‘Not now, not since you lot came to conquer.’
‘We’re not in uniform now.’
‘If you say so,’ she sighed. Her face registered no reaction.
This was hopeless but he wasn’t going to give up on her. He couldn’t let her wander the streets in this state. She’d not last the night.
Why did he feel such an overwhelming instinct to protect her? She’d lost that brittle shell of competence and he feared for her sanity. Penelope had seen and suffered too much. He’d seen that look on the stunned faces of his stricken paratroopers on that first descent. It was the face of war.
I sat in the back of the car trying to breathe. My heart was thumping with anticipation. Would she be there? Would she remember me? What if they were out? I’d tried to rationalize all the scenarios and obstacles.

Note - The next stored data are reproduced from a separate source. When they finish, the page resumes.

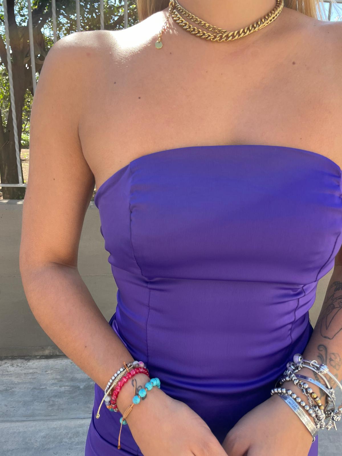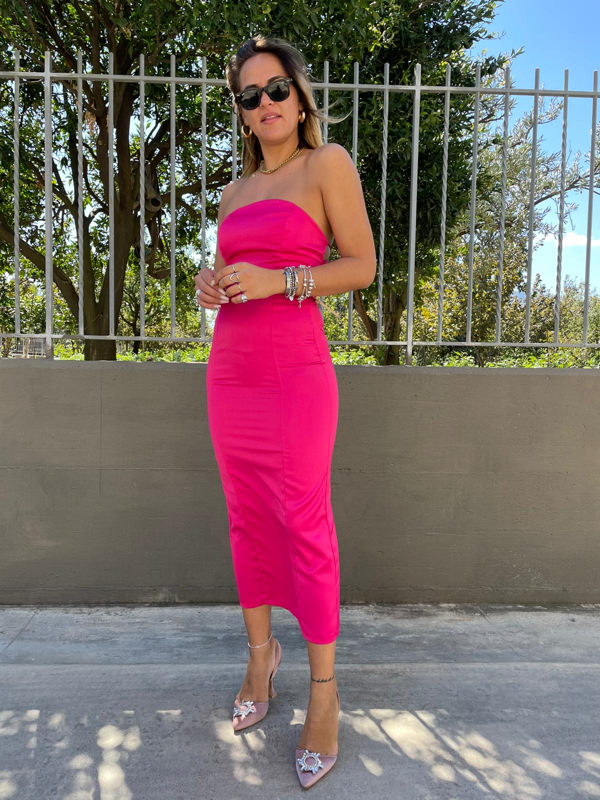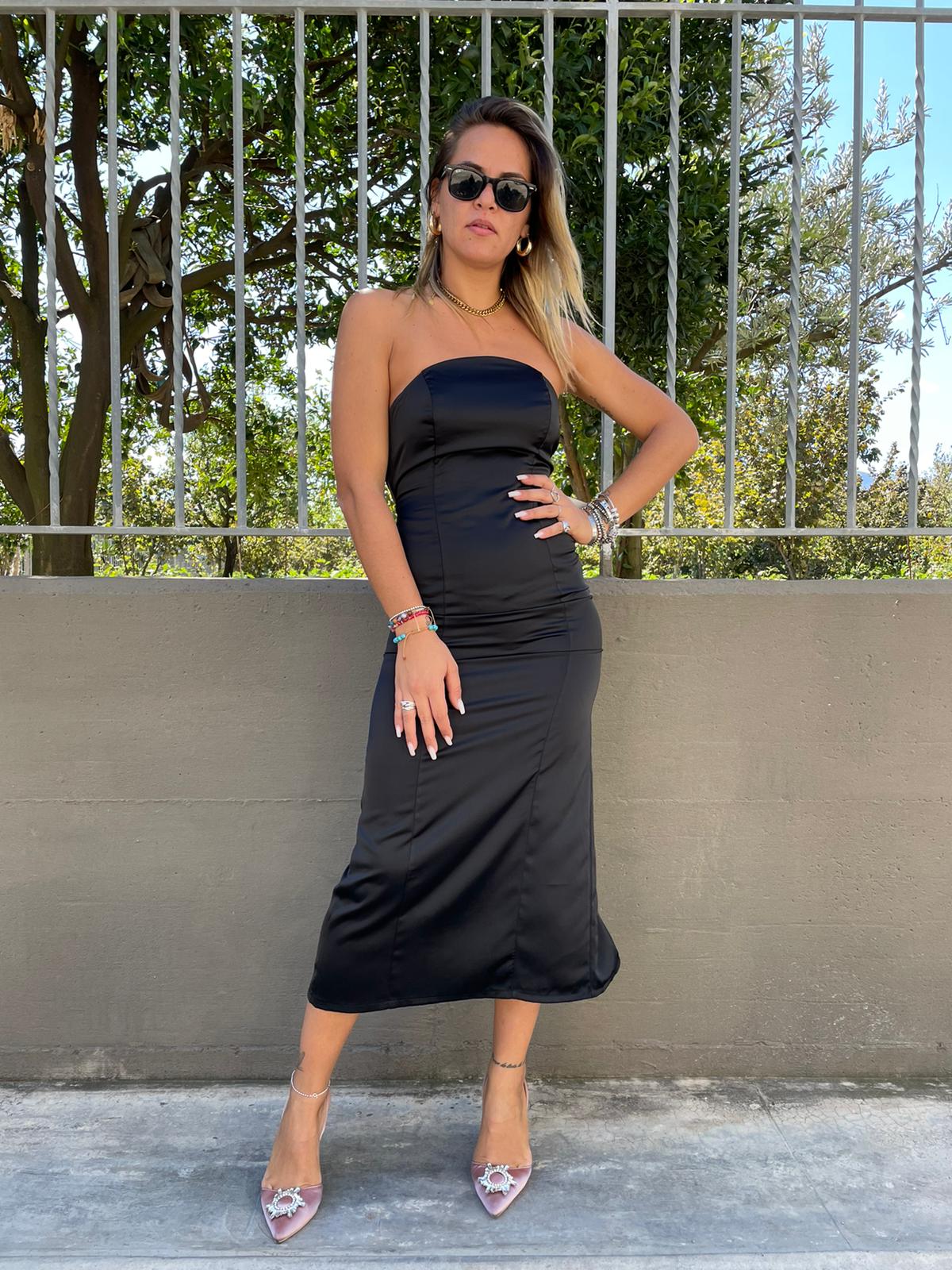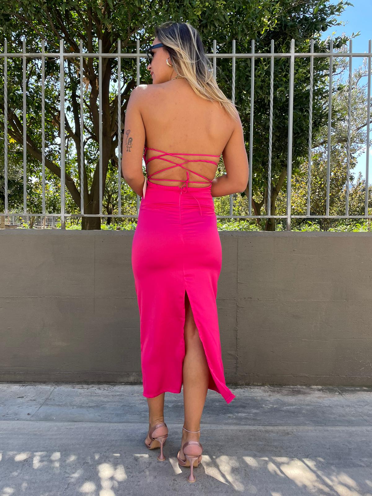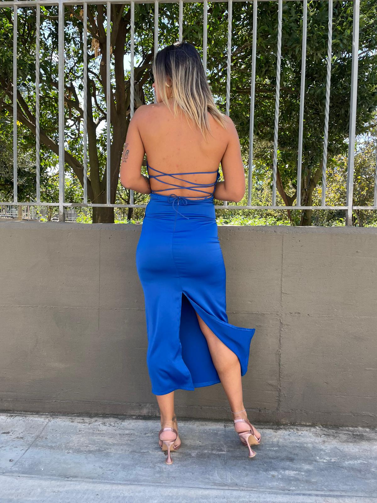 Vestito lungo effetto seta con lacci alla schiena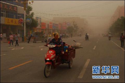 6月27日,一名商户在沙尘中骑行。新华社发(李军 摄)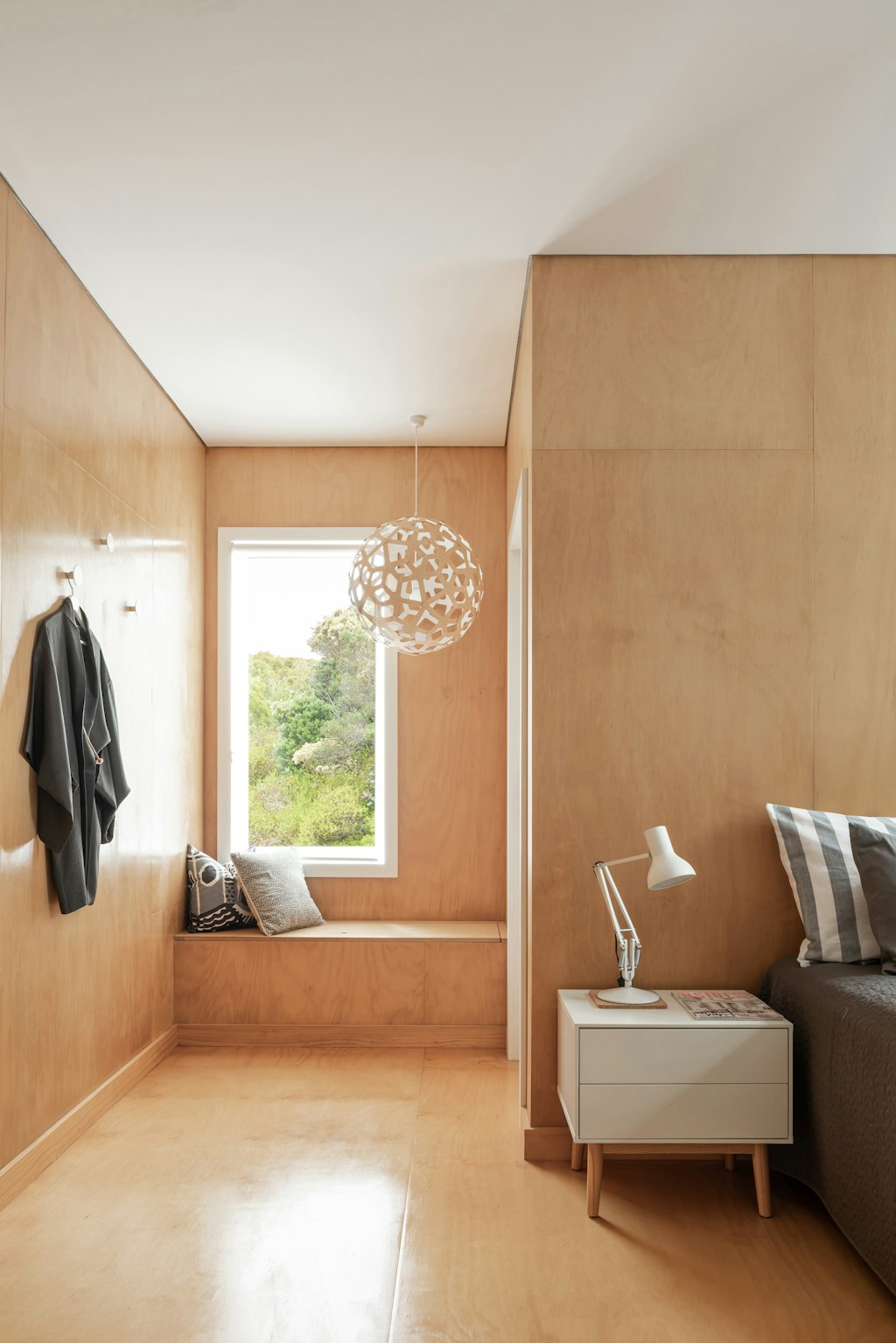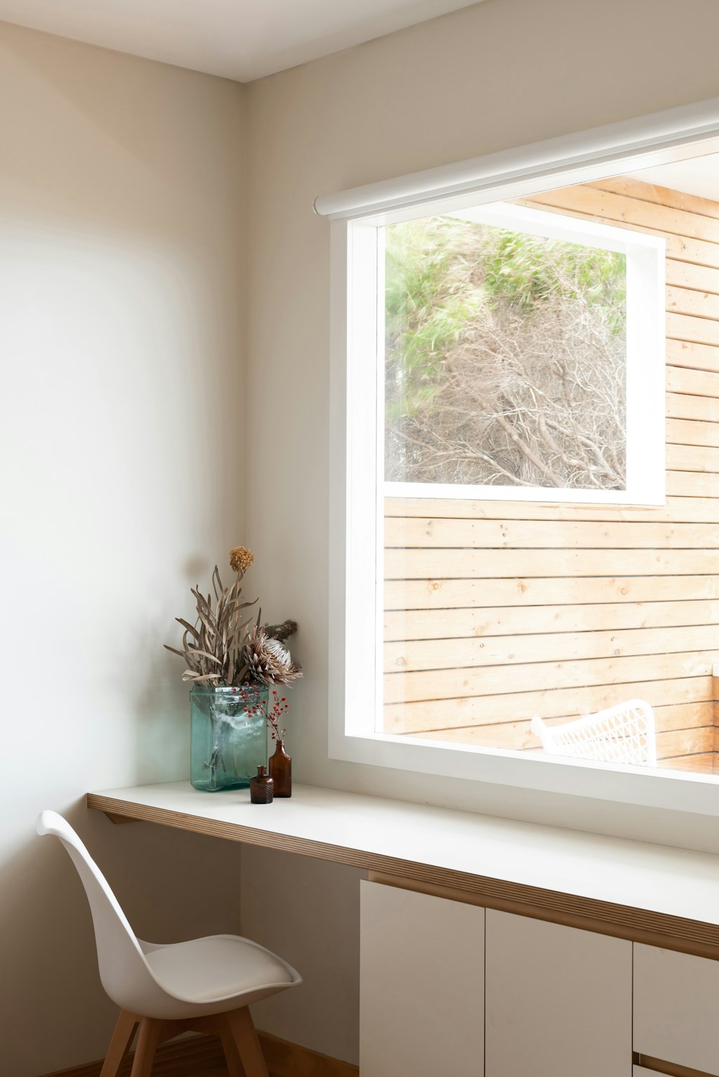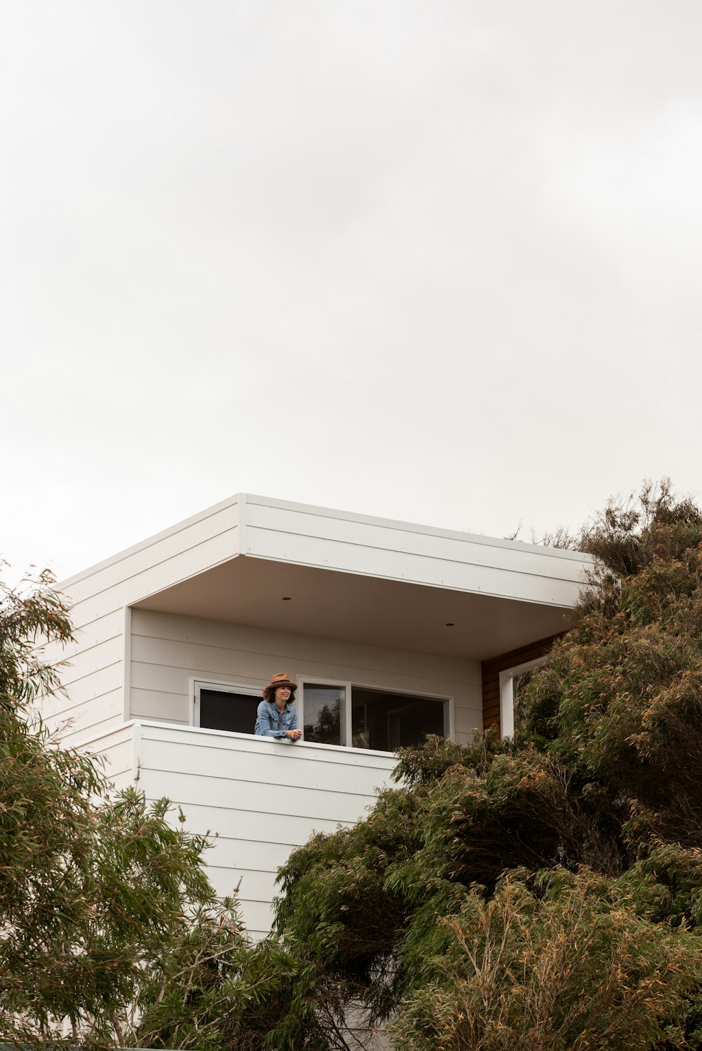 The house strikes a simple cubic form with white painted fibre cement weatherboard cladding. It is tightly detailed to resist the salt spray of the harsh coastal environment. Stainless steel nails, no carbon steel and painted timber windows form part of the comprehensive weather resistance strategy. Inside the building, the walls are lined with plywood for warmth and the space is adorned with a series of picture windows that peer into the treescape and are countered by a large window overlooking the bay. The simplicity of the building is in part a result of sensible construction techniques that required little oversight from the architect given the project’s location.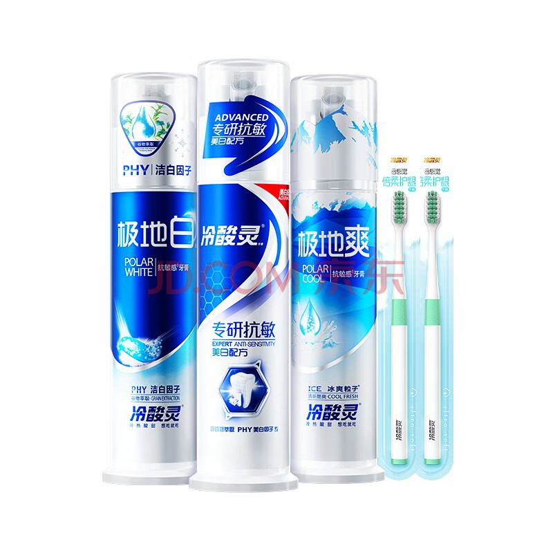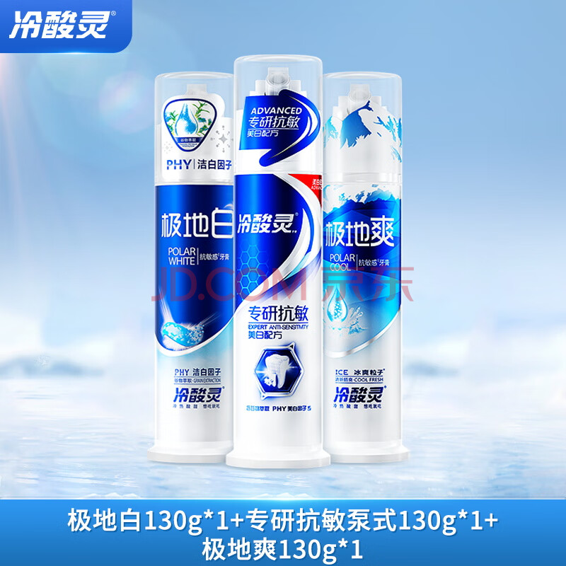 商品相册:冷酸灵极地白抗敏感美白泵式牙膏套装 美白牙齿沁爽清新 130g*3支装第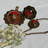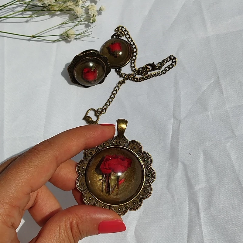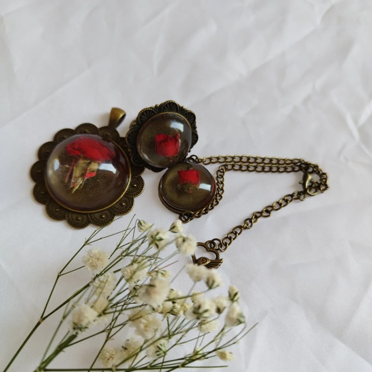 گردنبند انگشتر و دستبند رزینی ساخته شده با گل سرخ طبعی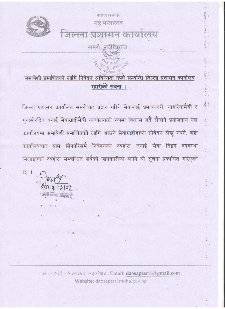 © सर्वाधिकार सुरक्षित जिल्ला प्रशासन कार्यालय, सप्तरी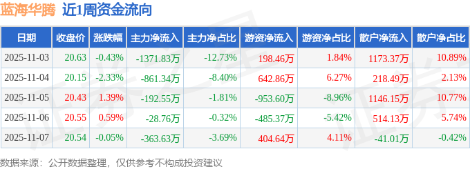 资金流向数据方面,本周蓝海华腾主力资金合计净流出2818.12万元,游资资金合计净流出193.0万元,散户资金合计净流入3011.12万元。本周资金流向一览见下表: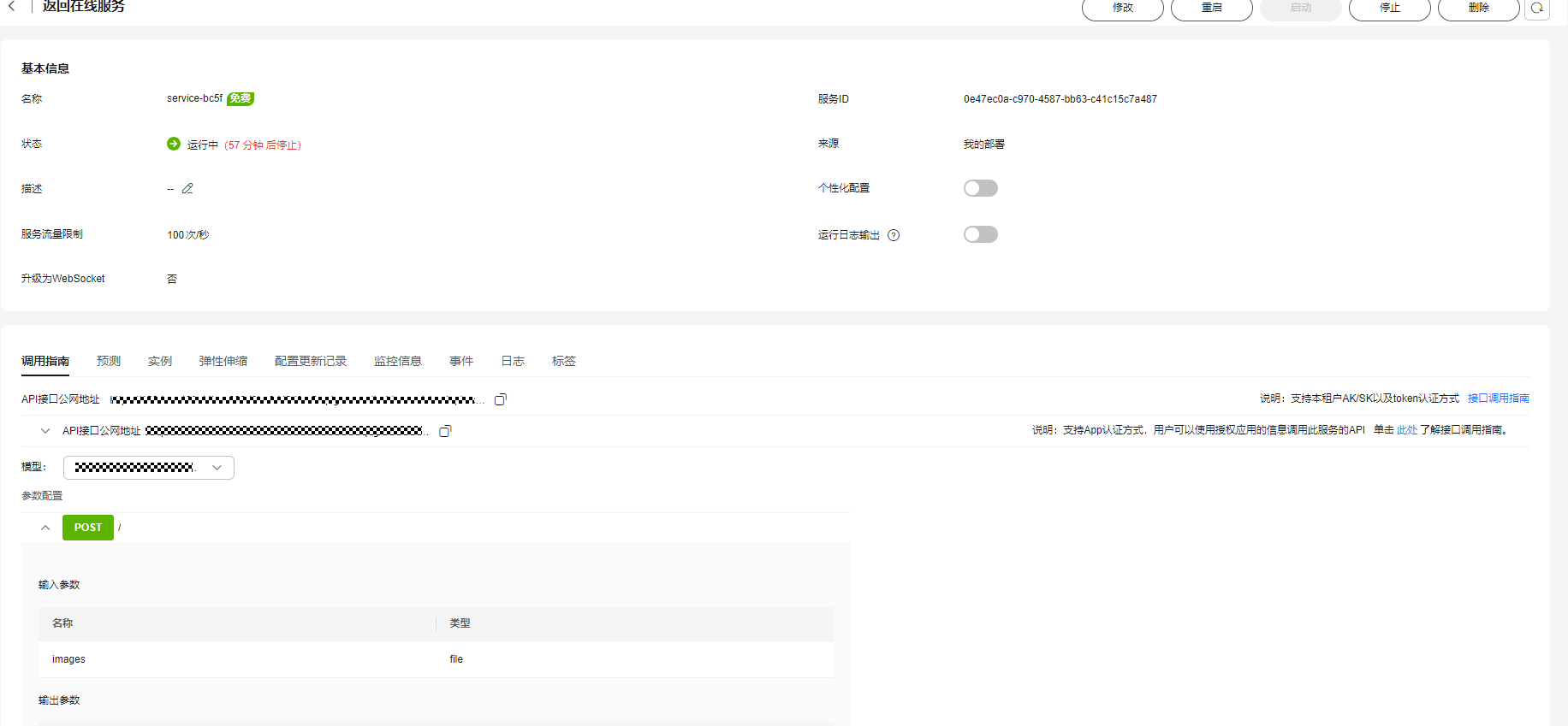 部署后选择云服务区域->北京四,点击确认,进入到模型管理界面,点击部署。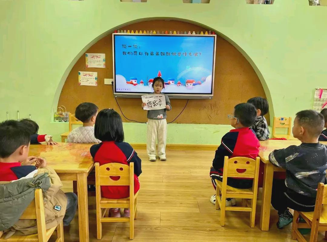 孩子们正式接过了“爱的接力棒”一个充满爱心的问题被抛给了大班的孩子们:“我们能为弟弟妹妹做些什么?”这个问题,像一颗投入静湖的石子,激荡起孩子们思维的涟漪。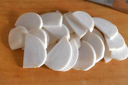 かぶは茎を切り落としてさっと洗い、皮ごと3~4㎜幅ほどのいちょう切りにします。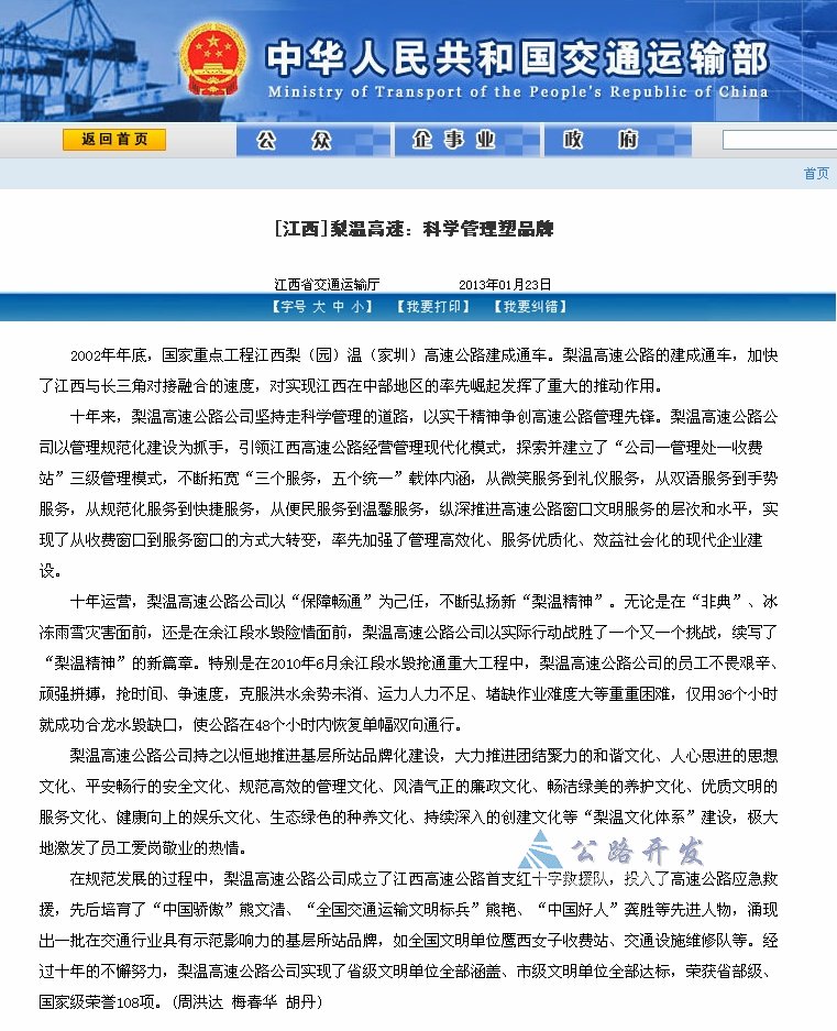 【中国交通运输部】梨温高速:科学管理塑品牌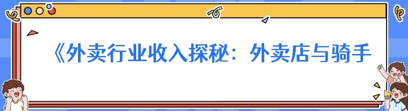 《外卖行业收入探秘:外卖店与骑手的盈利真相》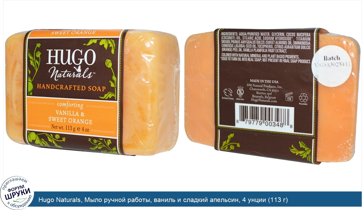Hugo Naturals, Мыло ручной работы, ваниль и сладкий апельсин, 4 унции (113 г)

Finding Yolanda was easy, once I returned to Etz Hayyim and apologized for my rudeness. Yolanda had never come back into Chania, not since the roundup. She lived in a village in the Apokoronas district on her son’s farm. Yes, she was still alive. That was all the guide could glean.
‘I think she gave an interview, many years ago, but I’ve never seen it. You could ask our director here, Nikos Stavroulakis, but he is on holiday.’
Then Victoria from the hotel rang, true to her word, with information about Cyclops and his wife. Her uncle knew the village. No one can disappear in northwest Crete, everyone knows someone who knows, and cities are made up of little villages too.
I dressed with care, knowing how traditional Cretan families like formality on big occasions, smart in my best silk dress and sunhat. We set off mid-morning and as we snaked over the newly cut roads I marvelled how I’d roamed these hills, lean, tough-limbed, thinking nothing of a steep climb. I had indeed been a mountain goat.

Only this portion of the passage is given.